Saturday, September 9, 2017

Book Review: 'Disciplined Dreaming' by Josh Linkner

"In the first year of Belshazzar king of Babylon, Daniel had a dream and visions of his head while on his bed. Then he wrote down the dream, telling the main facts." -- Daniel 7:1 (NKJV)

Disciplined Dreaming has many qualities to recommend it over its competitors in the creativity literature:

1. Mr. Linkner has enough experience so that his advice is based in tangible examples that are easy to follow.
2. He's a good story teller, which keeps the book from bogging down in business jargon.
3. Although the author represents a firm that provides services in the field, he keeps the potential sales pitch under control.
4. He knows jazz and provides one of the better descriptions of how playing jazz with others is improved by having some structure and limitations.
5. Mr. Linker knows the literature and generously refers to other sources, methods, and examples to save readers who are relatively new to the subject from having to read a lot of other books.
6. The book is mostly up-to-date on methods . . . with one exception that I'll address next.
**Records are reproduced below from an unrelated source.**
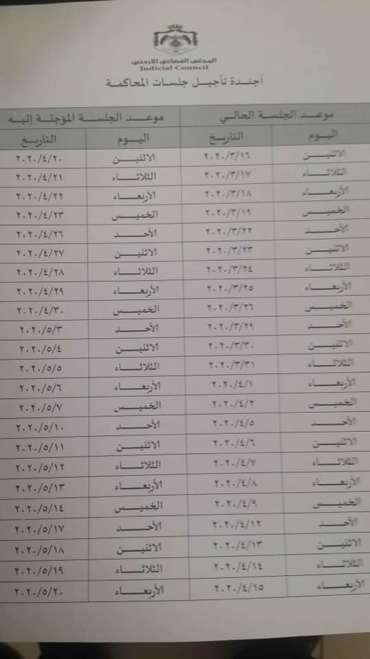 قرر المجلس القضائي اليوم الاحد، تأجيل النظر بكافة القضايا المحددة جلساتها بفترة من 16-3 وحتى 15-4 مدة شهر دون الحاجة لحضور الخصوم، واعتبار الاطراف متفهمين للموعد الجديد للجلسات.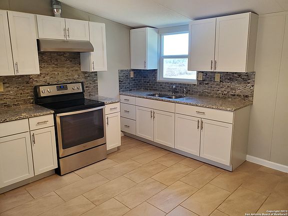 Move-In Ready Home on Spacious .76-Acre Lot in Elmendorf! Enjoy peaceful country living just minutes from I-37 in this charming 3-bedroom, 2-bath home. The open-concept layout features beautiful laminate plank flooring throughout the main areas and durable porcelain tile in wet spaces. The kitchen offers granite countertops, a stylish tile backsplash, stainless steel range with flat cooktop, and a convenient breakfast bar-perfect for casual dining or entertaining. The primary suite includes a walk-in closet and a full bath complete with a relaxing soaking tub and separate shower. Two additional bedrooms share a well-appointed full bath. Outside, you'll find mature oak trees providing natural shade, a fully fenced yard ideal for pets or gatherings, and a storage shed for tools and equipment. With ample space and a move-in ready interior, this property offers comfort, functionality, and room to grow!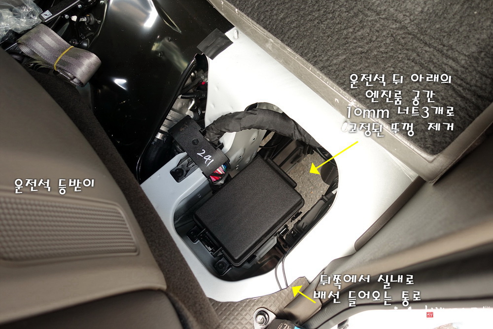 운전석 뒤 바닥에 엔진룸 쪽에서 실내로 들어올 수 있는 뚜껑이 있어서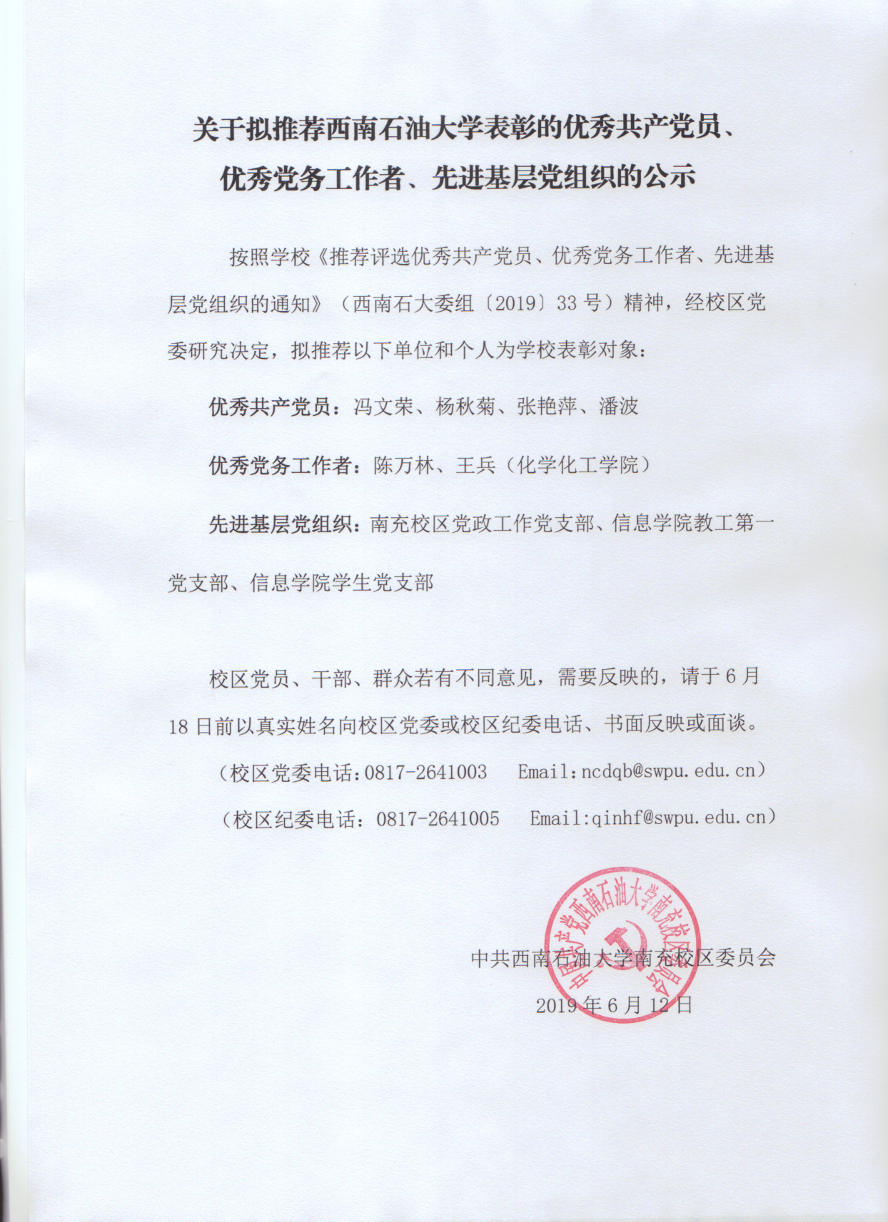 关于拟推荐西南石油大学表彰的优秀共产党员、优秀党务工作者、先进基层党组织的公示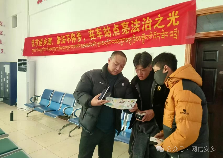2025年1月23日,在蛇年春節(jié)返鄉(xiāng)潮的高峰,安多縣普法辦聯(lián)合縣禁毒辦在安多火車站開(kāi)展以“佳節(jié)返鄉(xiāng)潮,普法不停步,在車站點(diǎn)亮法治之光”為主題的宣傳活動(dòng),為歸心似箭的旅客們送上了一份特殊的“法律年貨”。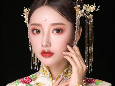 新娘子敬酒,奔波于各個桌的客人中,發(fā)型款式簡單些,更顯利落且游刃有余,簡單盤發(fā)添加眉心墜,靈動清麗。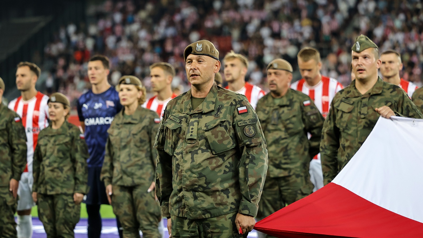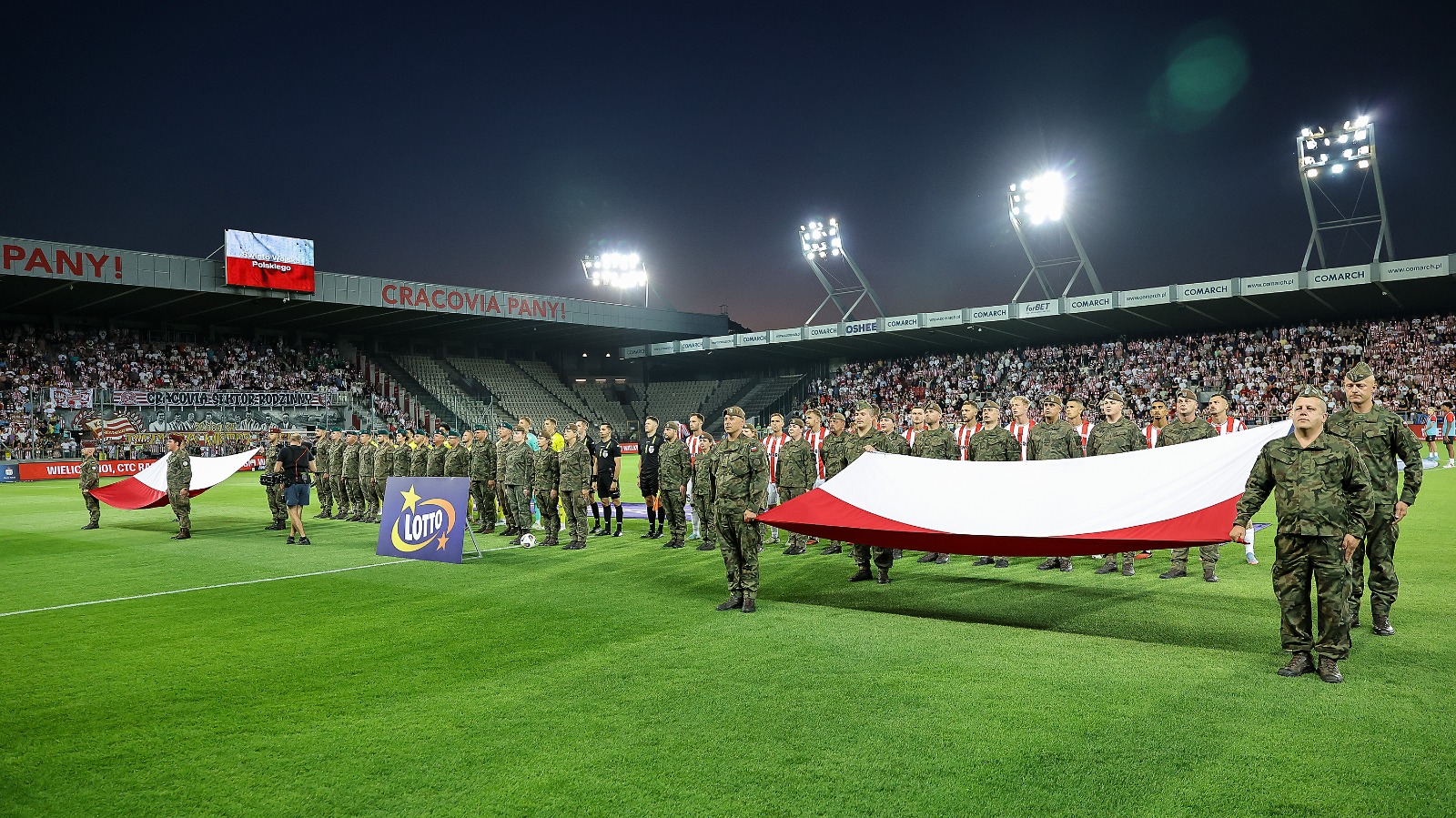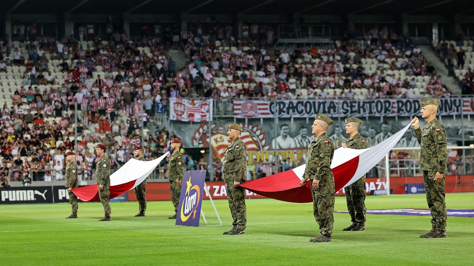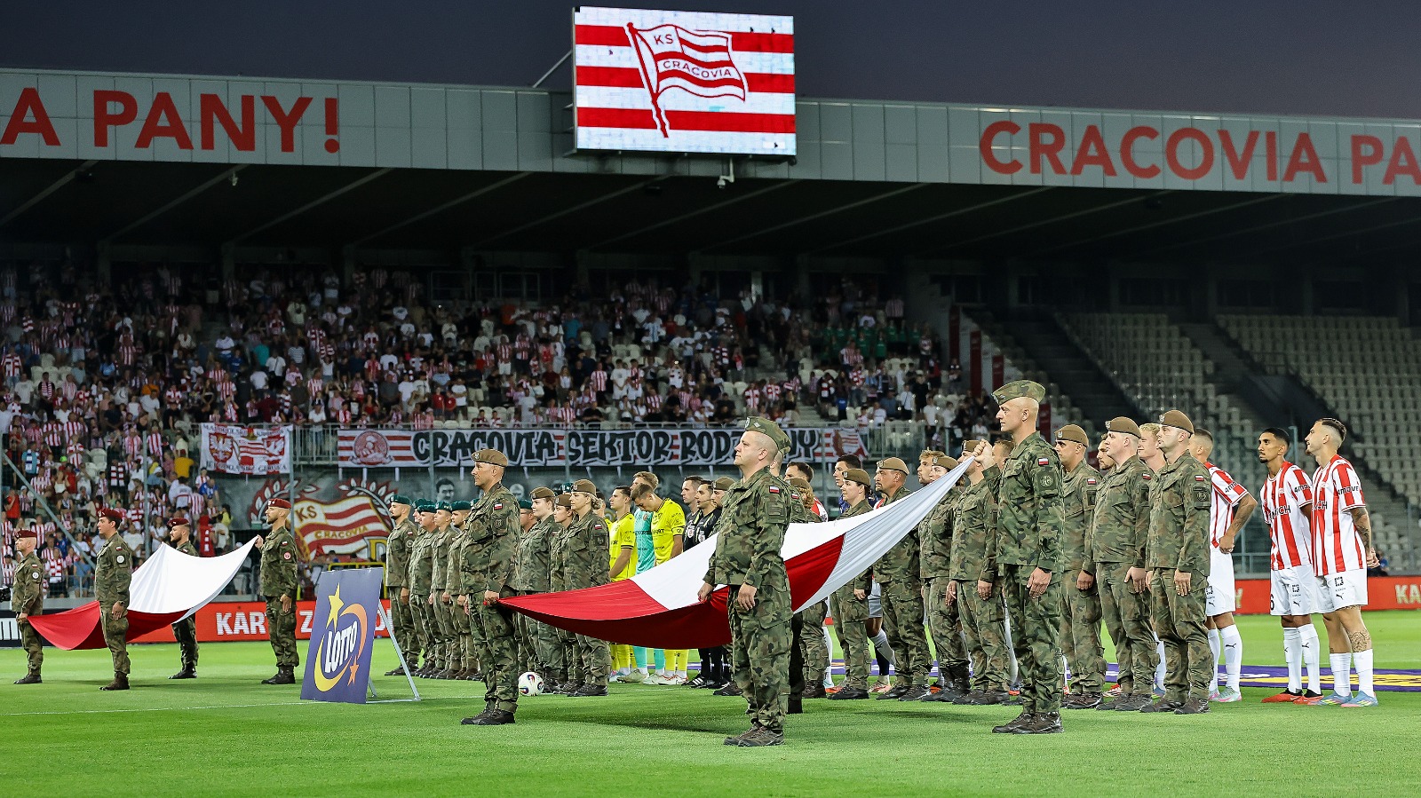 Barwy narodowe i hymn Polski przed meczem Cracovii z Widzewem – hołd bohaterom Bitwy Warszawskiej

If you are familiar with the better books about throwing open an organization's doors and windows to let in outsiders to suggest and implement (such as Crowdsourcing), you'll be wondering why Disciplined Dreaming doesn't connect its process with letting interested people (both experts and non-experts) propose and comment on one another's creative concepts and potential innovations. My guess is that Mr. Linkner hasn't done as much work in this area. You'll have to read up on that subject for yourself and connect the dots to this book.

The process is pretty easy to understand:

1. Define objectives. (ASK)
2. Get ready before trying to be creative. (PREPARE)
3. Employ helpful techniques for exploring new mental territory. (DISCOVER)
4. Focus the group using helpful dynamic methods. (IGNITE)
5. Pick what to work on, set metrics, and start into implementation. (LAUNCH)

One of the nuances of the book's content that I liked was making it explicit whether the creativity goal is a breakthrough, a big improvement, or something more incremental.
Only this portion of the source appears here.